Yeast extract for clarifying musts and beverages

Abstract

The present invention relates to the use of a yeast extract including at least 10 wt % of nucleic acids, preferably at least 15 wt %, and more preferably 30 to 95 wt %, relative to the total weight of said extract, said nucleic acids being formed from fragments of ribonucleic acid (RNA), for clarifying musts and liquids, in particular wines and teas.

Claims

1. A wine clarification method for clarifying cloudy wine having an unstable-particle load and comprising particles, wherein the particles are due to protein degradation or to microbiological growth, said method comprising flocculating and precipitating the particles in the wine, comprising contacting the wine comprising the particles with a yeast nucleic acids extract, wherein the yeast nucleic acids extract comprises ribonucleic acid (RNA) molecules in an amount by weight of 30% to 48% relative to the total weight of said yeast nucleic acids extract, wherein said RNA molecules of the yeast nucleic acids extract have an average molecular weight of greater than 10 kDa, and wherein said contacting results in flocculating and precipitating the particles and whereby the wine is clarified.

2. The method as claimed in claim 1, wherein the yeast nucleic acids extract additionally comprises mineral materials, saccharides, and free amino acids.

3. The method as claimed in claim 1, wherein the yeast nucleic acids extract is in a form comprising a powder or a concentrated liquid.

4. The method as claimed in claim 1, wherein yeast of the yeast nucleic acids extract comprises Saccharomyces, Kluyveromyces, Torula or Candida.

5. The method as claimed in claim 1, wherein the yeast nucleic acids extract is in the a form of comprising a powder and the contacting comprises adding from 0.1 g (gram) to 50 g of the yeast nucleic acids extract per hectoliter (h1) of wine.

6. The method as claimed in claim 1, wherein each of the molecules of RNA of the yeast nucleic acids extract has an average molecular weight from 30 to 110 kDa.

7. The method as claimed in claim 4, wherein each of the molecules of RNA of the yeast nucleic acids extract has an average molecular weight from 30 to 110 kDa.

8. The method as claimed in claim 1, wherein the yeast nucleic acids extract is a product of a plasmolysis.

9. The method as claimed in claim 1, wherein each of the molecules of RNA of the yeast nucleic acids extract has an average molecular weight from 30 to 110 kDa.

10. The method as claimed in claim 2, wherein each of the molecules of RNA of the yeast nucleic acids extract has an average molecular weight from 30 to 110 kDa.

11. The method as claimed in claim 3, wherein each of the molecules of RNA of the yeast nucleic acids extract has an average molecular weight from 30 to 110 kDa.
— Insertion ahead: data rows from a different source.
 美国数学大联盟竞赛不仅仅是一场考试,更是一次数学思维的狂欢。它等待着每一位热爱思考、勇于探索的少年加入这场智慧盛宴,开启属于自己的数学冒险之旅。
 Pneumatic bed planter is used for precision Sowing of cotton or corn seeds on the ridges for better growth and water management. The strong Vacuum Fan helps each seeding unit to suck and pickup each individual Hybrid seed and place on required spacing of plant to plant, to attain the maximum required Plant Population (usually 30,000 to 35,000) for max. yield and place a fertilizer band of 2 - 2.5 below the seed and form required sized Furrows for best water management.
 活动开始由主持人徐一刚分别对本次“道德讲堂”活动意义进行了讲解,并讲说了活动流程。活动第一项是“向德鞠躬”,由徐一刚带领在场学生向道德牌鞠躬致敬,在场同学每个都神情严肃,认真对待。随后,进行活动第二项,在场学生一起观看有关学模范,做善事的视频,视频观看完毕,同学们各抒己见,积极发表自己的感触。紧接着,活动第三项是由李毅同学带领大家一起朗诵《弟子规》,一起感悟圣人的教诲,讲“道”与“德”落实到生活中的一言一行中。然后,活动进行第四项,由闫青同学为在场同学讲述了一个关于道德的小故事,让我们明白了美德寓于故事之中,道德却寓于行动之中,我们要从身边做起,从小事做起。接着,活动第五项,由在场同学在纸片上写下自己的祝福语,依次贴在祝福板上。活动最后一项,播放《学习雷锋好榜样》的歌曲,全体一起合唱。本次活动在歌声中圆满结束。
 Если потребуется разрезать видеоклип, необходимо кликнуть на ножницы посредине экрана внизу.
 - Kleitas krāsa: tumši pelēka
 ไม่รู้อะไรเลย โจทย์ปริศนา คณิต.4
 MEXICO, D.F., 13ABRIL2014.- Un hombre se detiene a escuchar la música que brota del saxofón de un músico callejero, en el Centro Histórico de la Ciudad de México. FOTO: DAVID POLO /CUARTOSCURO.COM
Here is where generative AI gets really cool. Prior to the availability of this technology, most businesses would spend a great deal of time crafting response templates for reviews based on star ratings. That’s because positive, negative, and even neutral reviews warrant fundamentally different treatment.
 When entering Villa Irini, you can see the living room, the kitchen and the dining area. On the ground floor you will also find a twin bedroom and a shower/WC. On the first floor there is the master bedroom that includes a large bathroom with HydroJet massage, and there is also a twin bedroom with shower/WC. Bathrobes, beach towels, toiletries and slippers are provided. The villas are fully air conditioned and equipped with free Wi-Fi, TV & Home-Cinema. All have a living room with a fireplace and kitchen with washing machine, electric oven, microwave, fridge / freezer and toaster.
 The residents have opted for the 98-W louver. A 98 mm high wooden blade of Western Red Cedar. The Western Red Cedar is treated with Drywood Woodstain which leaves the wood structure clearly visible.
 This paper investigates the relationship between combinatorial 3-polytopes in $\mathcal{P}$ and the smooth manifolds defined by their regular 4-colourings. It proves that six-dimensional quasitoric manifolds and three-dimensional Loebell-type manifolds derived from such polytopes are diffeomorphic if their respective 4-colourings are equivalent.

12. The method as claimed in claim 5, wherein each of the molecules of RNA of the yeast nucleic acids extract has an average molecular weight from 30 to 110 kDa.

13. The method as claimed in claim 8, wherein each of the molecules of RNA of the yeast nucleic acids extract has an average molecular weight from 30 to 110 kDa.

Description

(1) The photos of FIGS. 1 and 2 illustrate the results, after 20 hours in a cold room, of the clarifying tests obtained with various clarifiers (respectively from left to right: “Control”, “YPE”, “YNE30” and “YNE95”) on the wine “A” (FIG. 1) and the wine “B” (FIG. 2).

(2) The photos of FIGS. 3, 4 and 5 illustrate the results, after 20 hours in a cold room, of the clarifying tests obtained with various clarifiers (respectively from left to right: “Control”, “YPE”, “YPE/YNE30” and “YNE30”) on the “CRUDE” wine (FIG. 3), the wine “A” (FIG. 4) and the wine “B” (FIG. 5).

(3) The photo of FIG. 6 illustrates the results of the clarifying test on the ice tea, and more particularly the results of the precipitation of the tannins from the ice tea, obtained after 18 hours at ambient temperature with the YNE30 clarifier at a concentration of 0.1 g/l.

(4) The photos of FIG. 7 illustrate the results of the clarifying tests on the ice tea, and more particularly the results of precipitation of the tannins from the ice tea, obtained after 10 hours at a temperature of 6° C. (see respectively from left to right: “Control” (ice tea alone), “YPE” at a concentration of 1 g/l, “YNE30” at a concentration of 0.3 g/l and “YNE30” at a concentration of 1 g/l).

EXAMPLES 1 AND 2

Wine Clarifying Tests

(5) The wines tested in examples 1 and 2 below are:

(6) a “crude” wine (the most cloudy);

(7) a wine “A”;

(8) a wine “B”.

(9) The products (clarifiers) tested are in powder form and are:

(10) a “yeast protein extract”, represented by “YPE”, which serves as control (this YPE comprises in total approximately 13% of nucleotides and is described in “Revue des œnologues” [“Enologists' Review”], No. 120; pages 47-50, 2006);

(11) a yeast nucleic extract of the invention comprising 30% by weight of ribonucleic acid, represented by “YNE30”;

(12) a yeast nucleic extract of the invention comprising 95% by weight of ribonucleic acid, represented by “YNE95”;

(13) a sample consisting of 50% of YPE and of 50% of YNE30, represented by “YPE/YNE30”).

Example 1

Tube Tests

(14) 1) A first series of clarifying tests in wine is carried out with the following clarifiers: “YPE”, “YNE30” and “YNE95” and on the following wines “A” (FIG. 1) and “B” (FIG. 2).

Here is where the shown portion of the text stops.